Data extract:
********

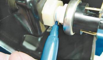2. Для сохранения прежней регулировки педали тормоза маркером помечаем положение контргайки выключателя сигналов торможения.
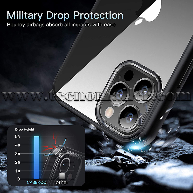 iPhone 12 Pro Max CASEKOO Estuche transparente-negro no amarillento, antigolpes de grado militar
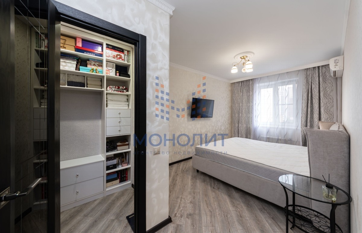 Две большие изолированные комнаты, одна из которых спальня с встроенной гардеробной. Пространство для хранения вещей организовано удобно и компактно.
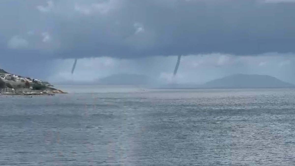 Kentte aralıklarla yağmur sürerken, Foça'nın Yenifoça Mahallesi açıklarında bu sabah hortum oluştuğu gözlendi. O anlar, otomobilinde yolculuk yapan kişi tarafından cep telefonu ile görüntülendi.

********

About this exercise: The copy has to start at the line that contains "Две большие изолированные" and end at the last line of the material above, matching the original exactly and holding no pictures.

Response:
 Две большие изолированные комнаты, одна из которых спальня с встроенной гардеробной. Пространство для хранения вещей организовано удобно и компактно.
 Kentte aralıklarla yağmur sürerken, Foça'nın Yenifoça Mahallesi açıklarında bu sabah hortum oluştuğu gözlendi. O anlar, otomobilinde yolculuk yapan kişi tarafından cep telefonu ile görüntülendi.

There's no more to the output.